Желток яйца - Аксенов Василий Павлович (список книг .TXT) 📗
— Ну, а теперь давай поговорим о нашей собственной проблеме, о нашей, ты понял, собственной беде… о Зеро-Зет…
Черночернов вздрогнул:
— Что… что… об этом… об этой… оно уже?…
Егоров закурил сигару. Воплощение стабильности, опора здравого смысла… И только товарищи по оружию знали его как человека рефлексий, сомнений, забот, рафинированного интеллигента и нежную душу.
— Можешь смеяться, Дотти, но даже пол Зеро-Зет для меня — туман… Маскулинум?
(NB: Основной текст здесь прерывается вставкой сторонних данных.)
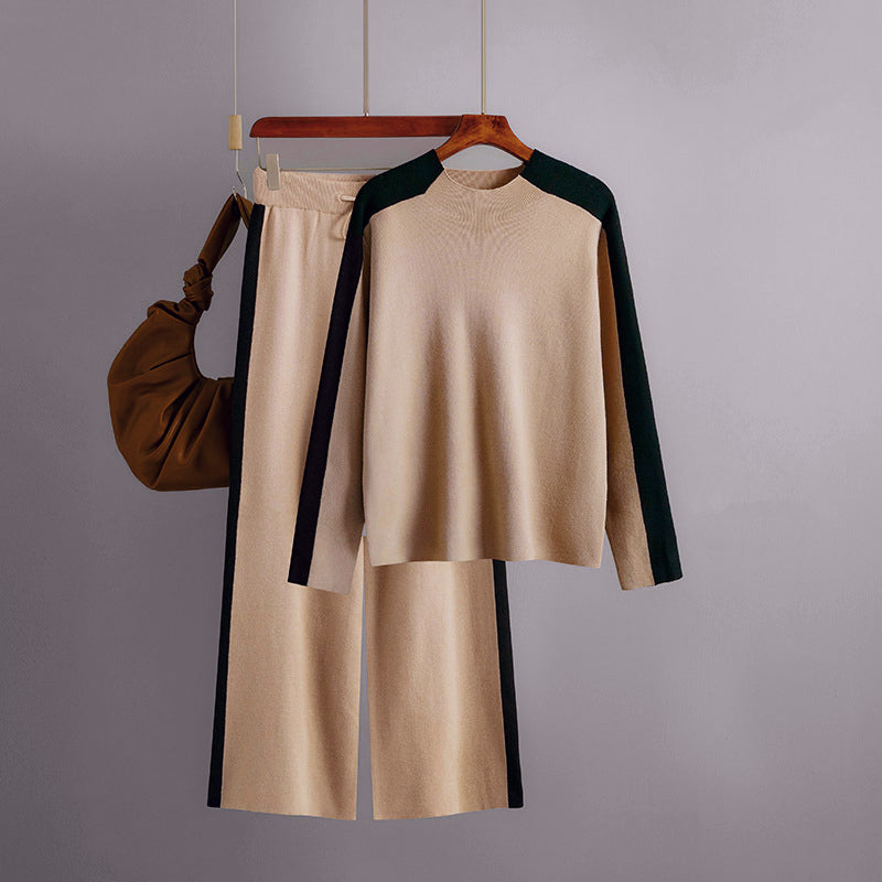 Our solid track set featuring wide-legged pants and long sleeves, round neck design top is for sure a show stopper. Tracksuits are all-year round-the-clock best sellers. The ribbed pattern adds a touch to the aesthetics of the overall look.
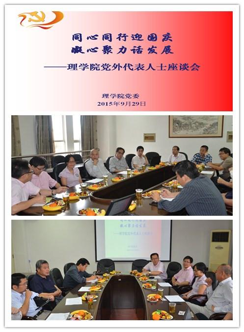 9月29日上午,理学院党政班子成员及来自学院各系所民主党派、无党派人士、归侨侨眷、留学归国人员、中青年党外后备人才及专业技术骨干的党外人士代表近20人欢聚一堂,喜迎国庆,共话发展。座谈会由学院党委书记盛万成主持。
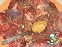 Вернуть на родину мясо, т.е. к овощам на сковороду, влить вино, сок, воду, мед, зиру, довести до кипения, накрыть крышкой и томить на медленном огне до готовности мяса, 60-80 минут, в зависимости от мяса, чтобы было мягким.
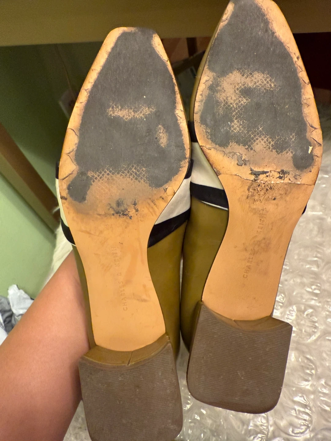 Selling a pair of Charles & Keith heels in a unique olive green colour. They feature a stylish bow detail. These heels are perfect for adding a touch of sophistication to any outfit!
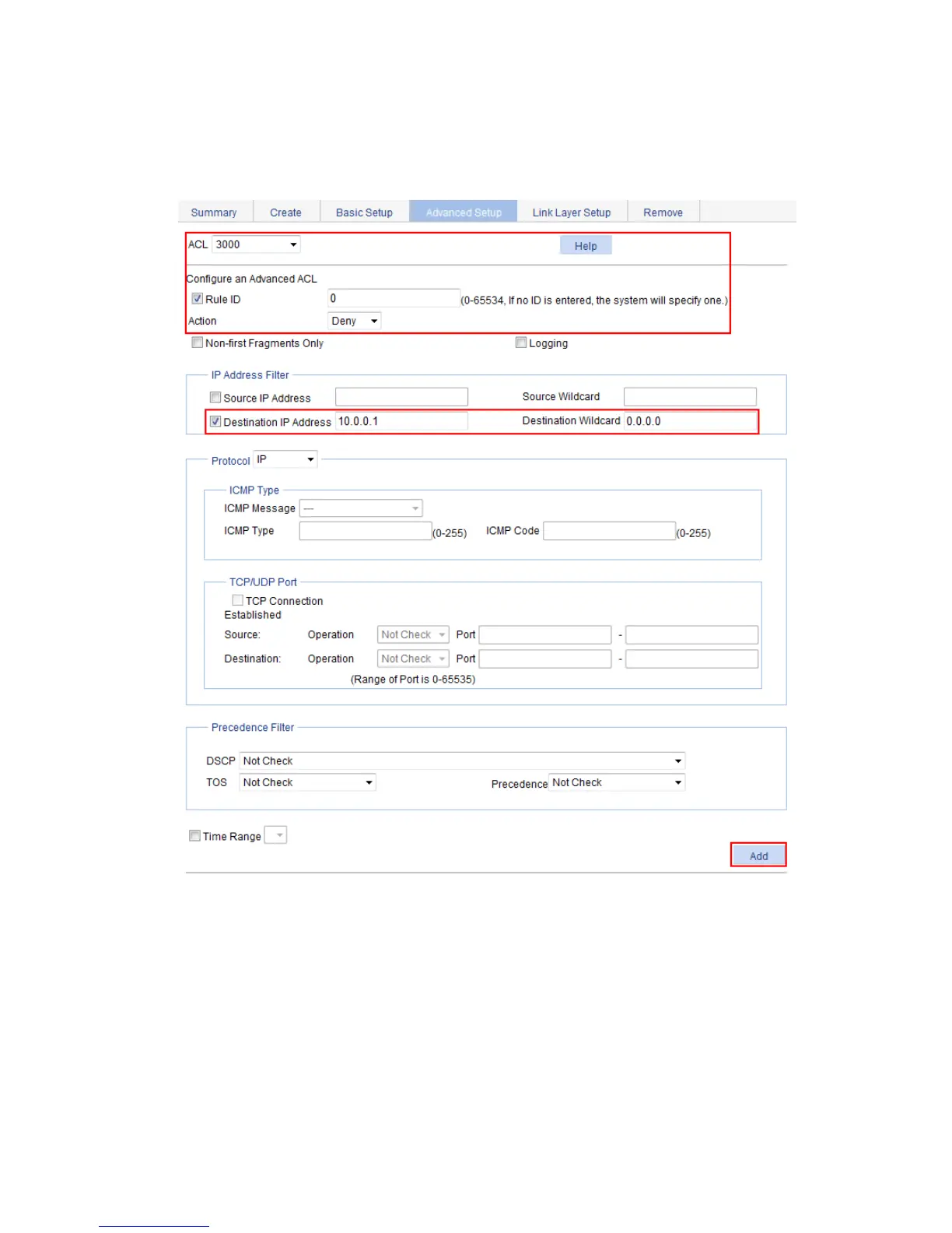 c. Select the Destination IP Address box, enter the destination IP address 10.0.0.1, and enter the
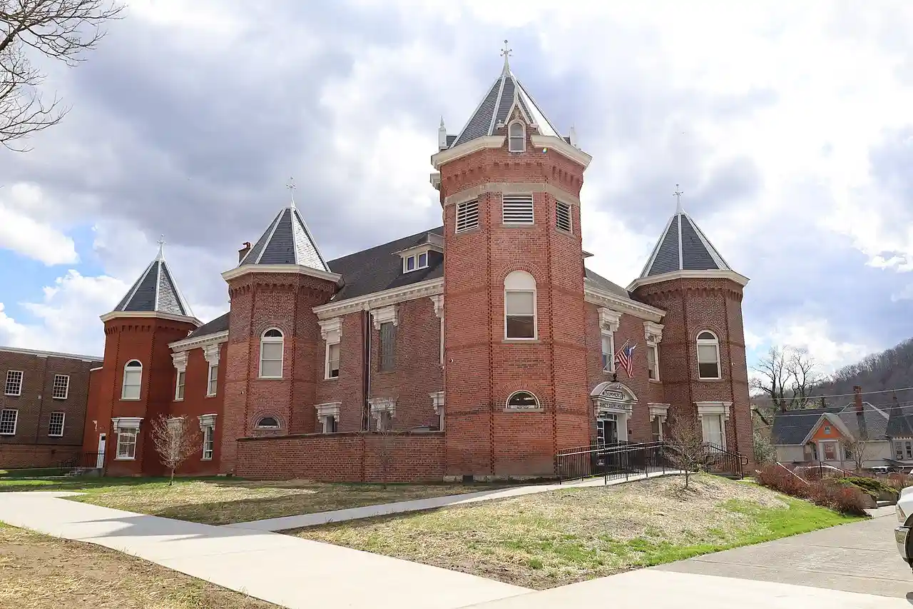 The Summers County Courthouse in Hinton, West Virginia, is a red brick Romanesque Revival or late Victorian building, originally constructed in 1875–76. The building was remodeled between 1893 and 1898 by architect Frank Pierce Milburn, who added octagonal turrets at the corners. A 1923 addition followed suit with another square with two towers. A plan 1930s addition followed. A cast-iron stairway in the northwest tower ascends to the courtroom. Read more on Wikipedia
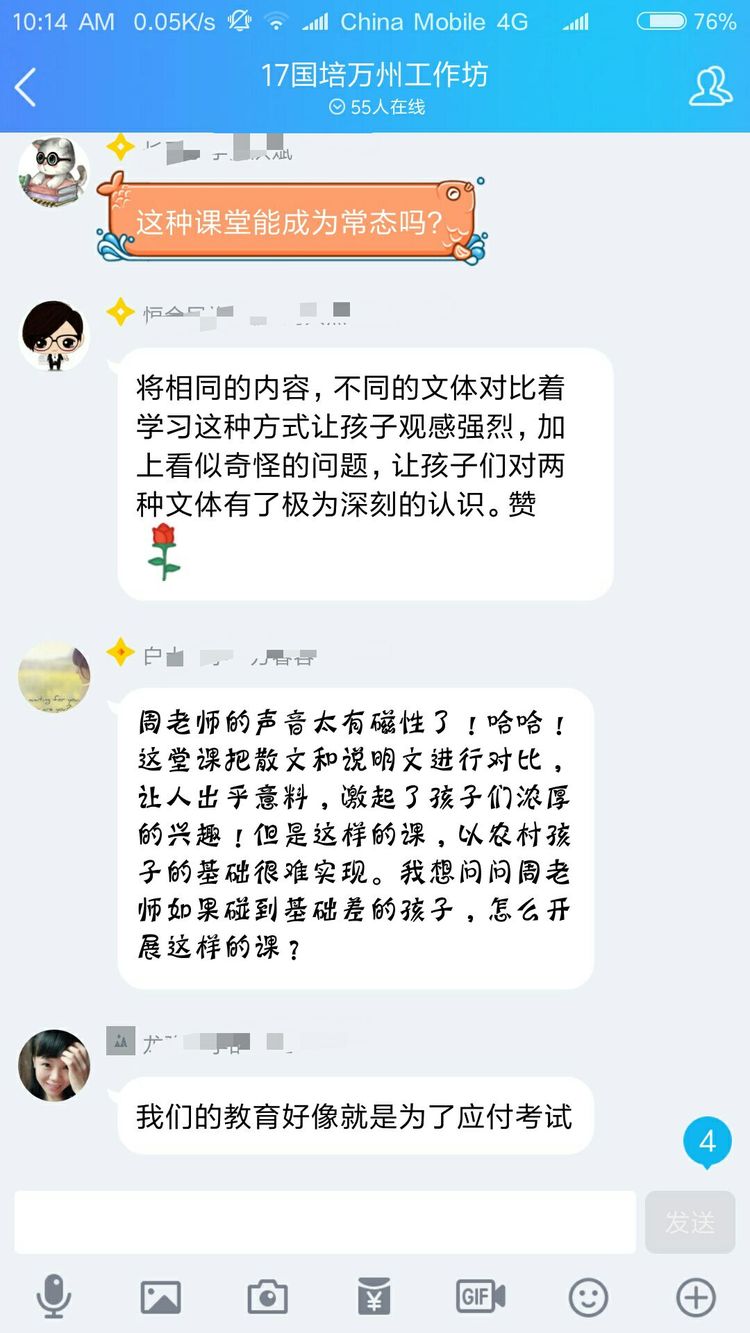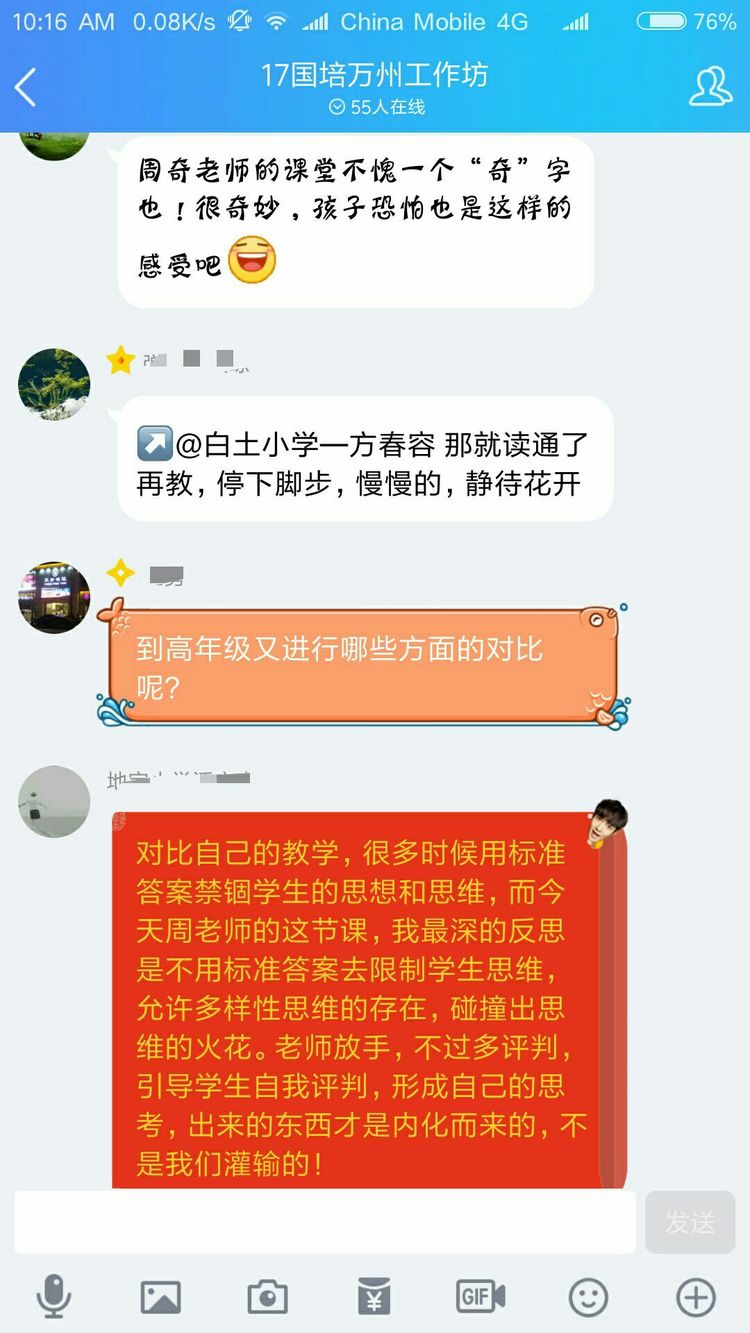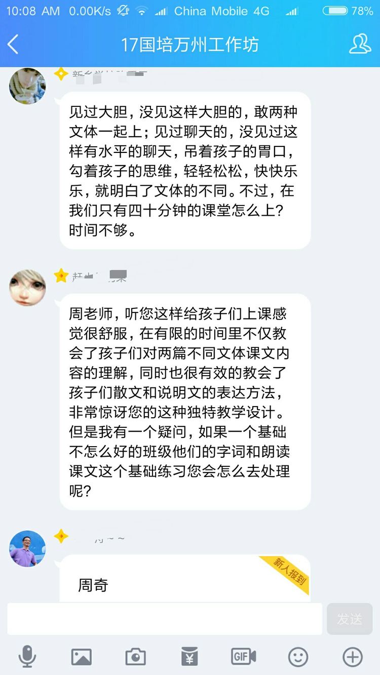 当然不是啦,认真参加培训的老师们怎么舍得玩手机呢。其实是周奇老师让大家对现场教学进行点评,让每一位老师将点评文字发在QQ群里,然后对参训老师一一解答疑问。以下分享老师们的点评

Фемининум?… И все это дело — тайна, обернутая в загадку… Проклятая штука иногда принимает мои команды, иногда нет… иногда задает мне леденящие душу странные вопросы… Вначале, как ты понимаешь, я подумал — перевербовали! Кто от этого гарантирован в округе Колумбия? Но позже, анализируя входящие и исходящие данные, я был потрясен — а что, если О — вообще ничьих команд не принимает?
— Звучит устрашающе, Тим! Ты думаешь, О — действует по своему усмотрению?
— Как раз об этом я и думаю. Ты, должно быть, помнишь ту славненькую «селедочку» в баре «Завсегдатай небес»?
— Матушка родима! Для чего?
— Для ничего, мой друг! Для Зеро! Для нулевого смысла, по нулевой логике. Держись, за что можешь, мой бесстрашный и безупречный рыцарь тайной войны, но, похоже, что-то поломалось в проклятой штуке. А самое худшее, что нам не под силу опознать О — среди четырех миллионов жителей Большого Вашингтона, тогда как Хранилище наотрез отказывается дать мне свои коды. Стратеги! Да я и флайинг-фак не дам за их стратегию. Они просто не способны понять, что судьба цивилизации на ставке. Иногда я задаюсь вопросом, дорожат ли они нашей западной цивилизацией…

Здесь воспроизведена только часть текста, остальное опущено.